AUDIENCE: Hi. I would argue that nature actually came up with computers and information processing before people, in the form of a cell. And it also has the ability to adapt to its environment. And I think we've already made progress with biological computers and bacteria that can have biological clocks and things. And I just wanted your opinion on the future of sort of biological computing and maybe using things like bacteria and cells to do computational stuff.
LAZOWSKA: I'm going to have to pass on that one, because I'm simply not nearly enough an expert to talk about that. Maybe Patrick will have something to say. But, again, this is a convergence that's going on, and it's just not something that I do. It's a great question, and I'm sorry I can't answer it adequately.
AUDIENCE: That's all right.
AUDIENCE: You talked about how the transistor revolution led to exponential increases in power, and now we've got multiple machines and multicore machines. What do you see as the pragmatic limit to computational power? Is it going to be literally the power that these things require, the density of the power? Or will be the complexity of programming them?
What's going to keep us really taking advantage of all of this marvelous hardware? Or will nothing get in our way?
LAZOWSKA: Right. So the question is, what will get in our way? And the answer, Randy, is everything that you've described will get in our way. All right? So I think we cruised along for many years, because Moore's law, which really talks about increasing transistor density, was able to lead to increasing single-core processor performance. And that powered this cycle in which, to state it crudely, Intel processors would get faster, so Microsoft could add more features to Word, so you would buy the next processor, then you'd add more features to Word. And we sort of rolled forward.

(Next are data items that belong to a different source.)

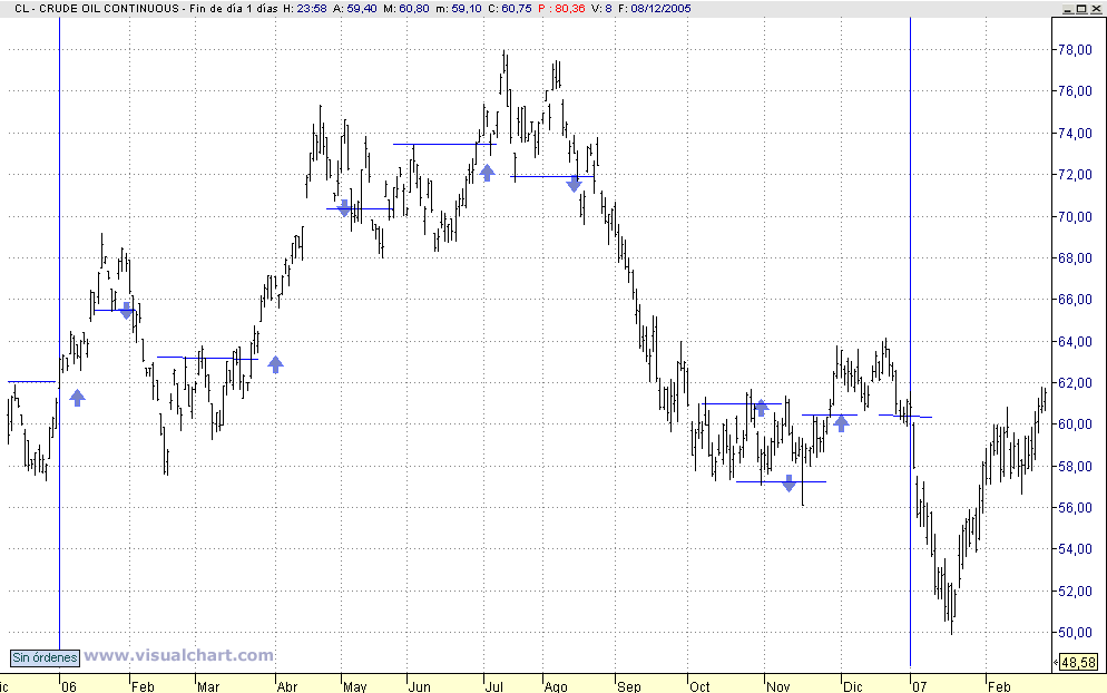 basicamente esas fueron mis entradas durante el 2006 en el crude oil pero donde ves la flecha me pasaba a grafico de 1 minuto operando range breakouts y colocando mas contratos si podia poner breakeven stop.................
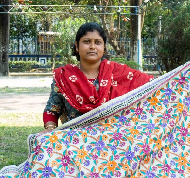 Ohida Khatun is one of the young leading Kantha Stitch artists of Ausgram in Purba Bardhaman. Ohida has learnt the Kantha Stitch work from her mother. She has been weaving Kantha for over 13 years. She has showcased her products at different fairs and festivals across West Bengal.
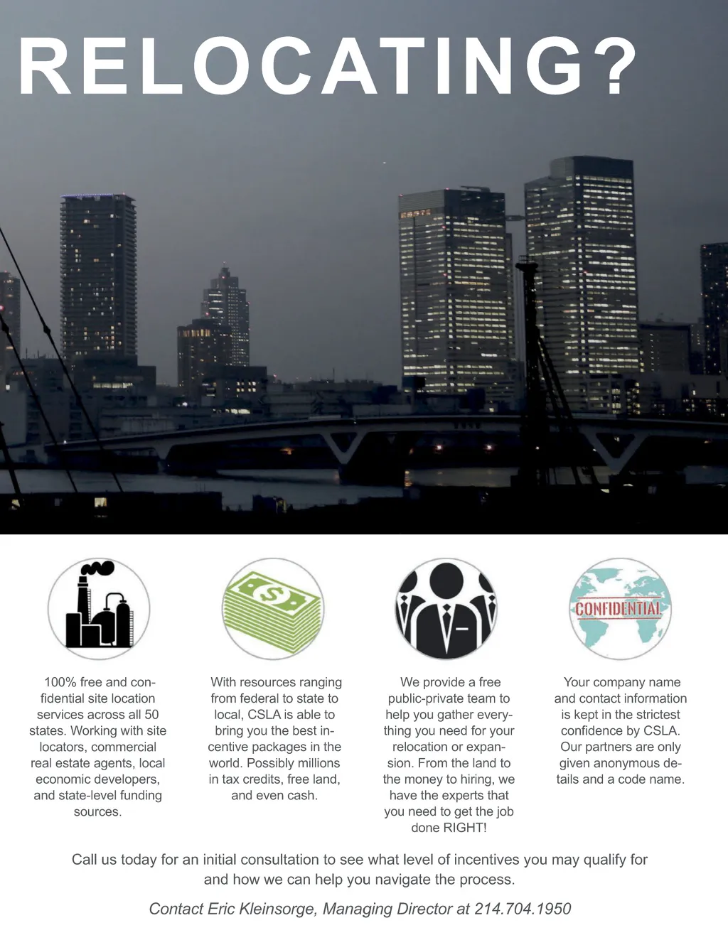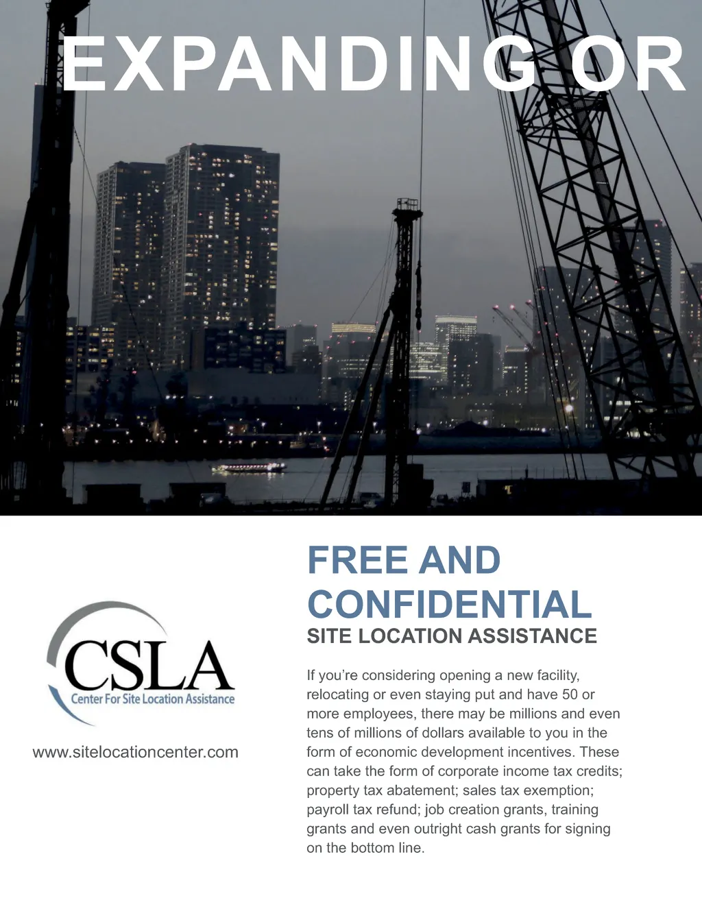EXPANDING OR FREE AND CONFIDENTIAL SITE LOCATION ASSISTANCE If you’re considering opening a new facility, relocating or even staying put and have 50 or more employees, there may be millions and even tens of millions of dollars available to you in the form of economic development incentives. These can take the form of corporate income tax credits; property tax abatement; sales tax exemption; payroll tax refund; job creation grants, training grants and even outright cash grants for signing on the bottom line. www.sitelocationcenter.com
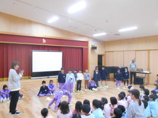 | 小学校で好きな科目を一人ずつ紹介していきました。 運動会で発表した表現演技の中の「ブリッジ」を披露してくれた人もいました。 |

And when these single processors ceased to get faster because of thermal considerations, in particular, we're then in a situation where we need to use parallelism on a very large scale in order to get performance increases. And for embarrassingly parallel problems-- Monte Carlo simulation, things like that-- this is easy to do. Similarly, most web services.

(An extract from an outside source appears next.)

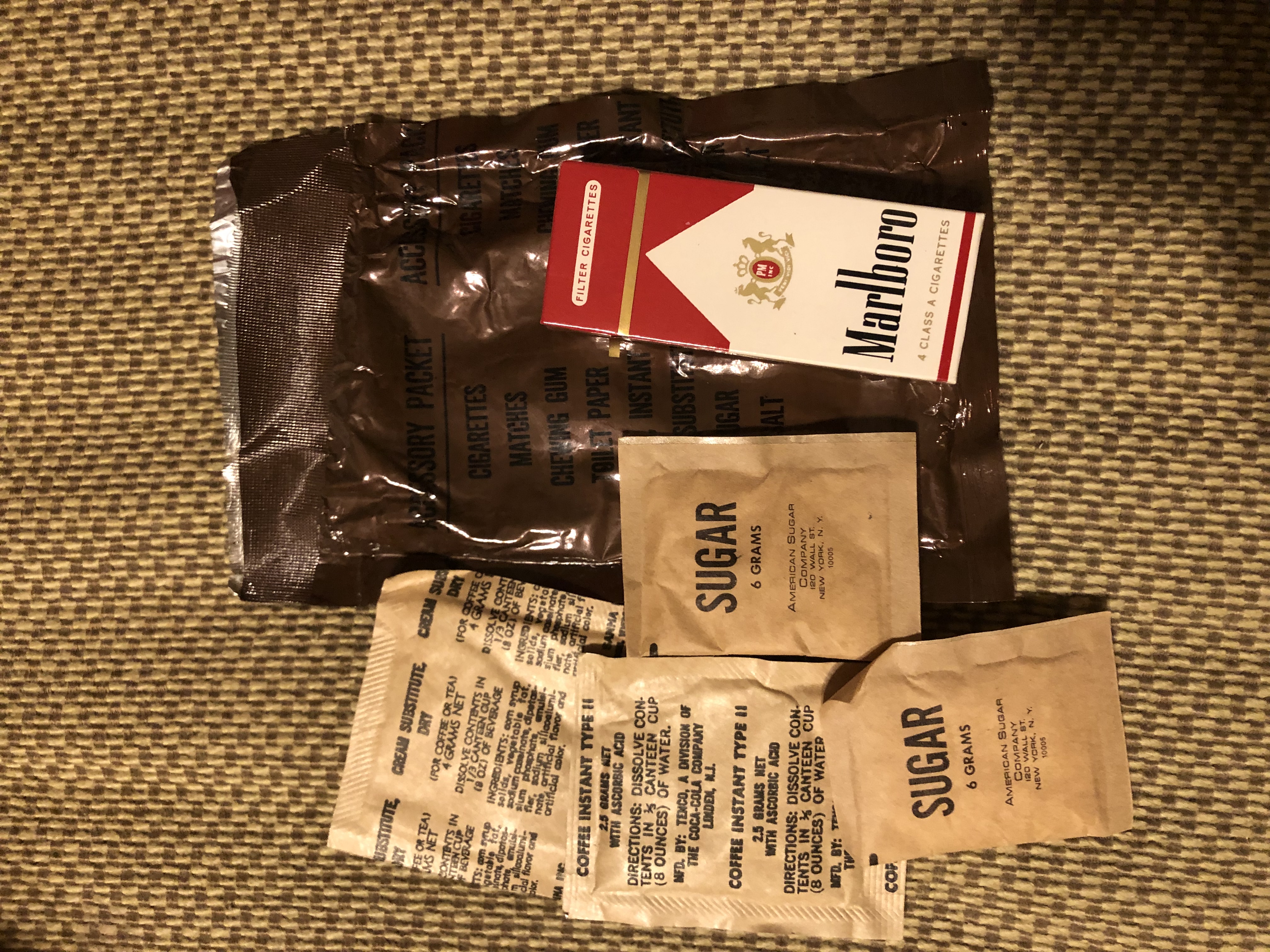 I have an opened c ration accessory pack with cigs for sale. The marlboros are still in their original cellophane. Surprisingly, when I originally opened it, the pack was missing a couple of the items listed on the front. Everything that was originally in it is included. 35.00 + shipping. I have way too many of these and need to thin the herd a bit

But for word processing, for example, and many other applications, it's much less clear. And we've never done an adequate job of figuring out how to allow programmers to express parallelism-- how to extract parallelism from problems. The techniques we've used over the past decade, two decades, to tackle this are just not adequate. So we're facing a number of barriers right now.

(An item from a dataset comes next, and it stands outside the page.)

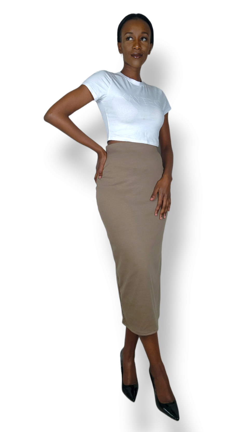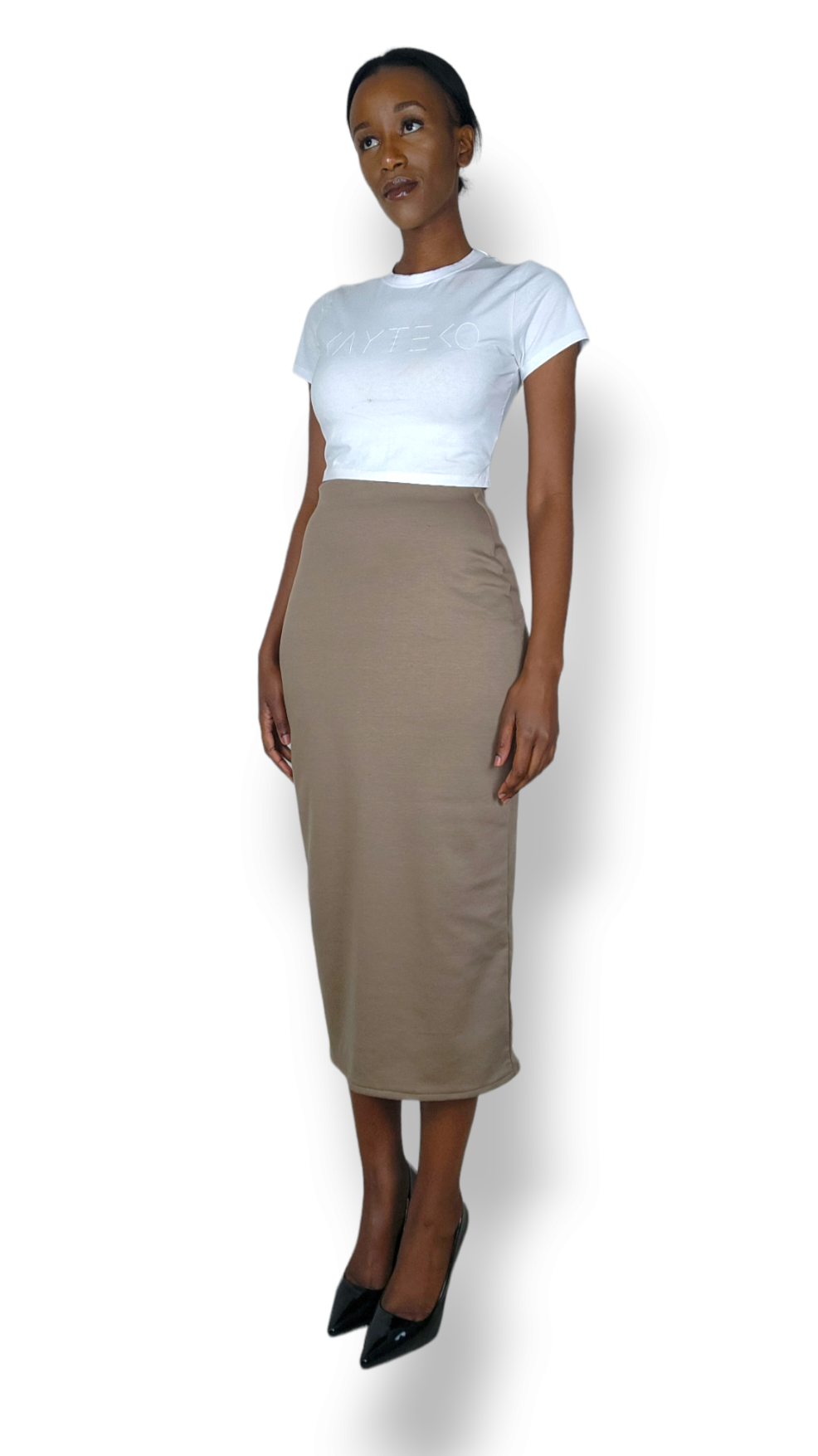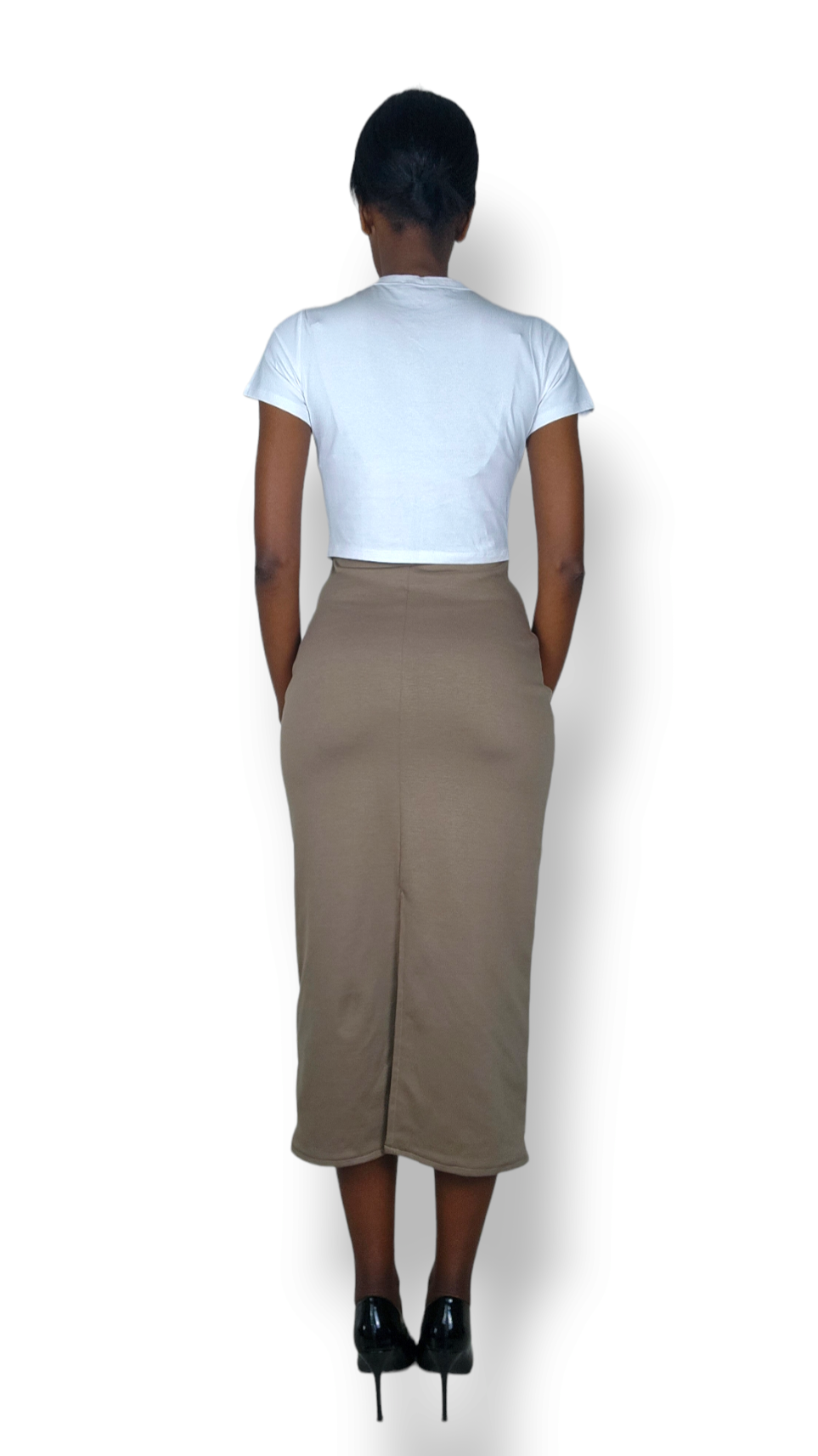 A comfortable, form-fitting midi skirt that you can dress up and down.

I view this as the Full Employment Act for computer scientists and as another argument for why you can no longer be in your niche. These are problems that are going to be solved by architects and systems hardware people and systems software people and applications people working together.
DAVIS: Any other questions?
LAZOWSKA: Thank you very much.
[APPLAUSE]
DAVIS: Our last speaker is Professor Patrick Winston, the Ford Professor of Artificial Intelligence and Computer Science at MIT. He's going to talk to us about artificial intelligence. Patrick.
[APPLAUSE]
WINSTON: Let's see-- it's, um-- it's April. I think it was about a year ago when Victor asked me if I could give a talk today reviewing the past 50 years of artificial intelligence in a balanced way. And above all, he said, without insulting anyone, especially my senior colleagues here at MIT.
[LAUGHTER]
I've been trying for the past month to find a way to make that talk interesting. And last night, or rather early this morning, I gave up.
[LAUGHTER]
So my talk, in the end, will be about history but not just the past 50 years. It won't be balanced. And as far as insulting people, I'm not sure about that. I have to-- we'll wait and see how it goes.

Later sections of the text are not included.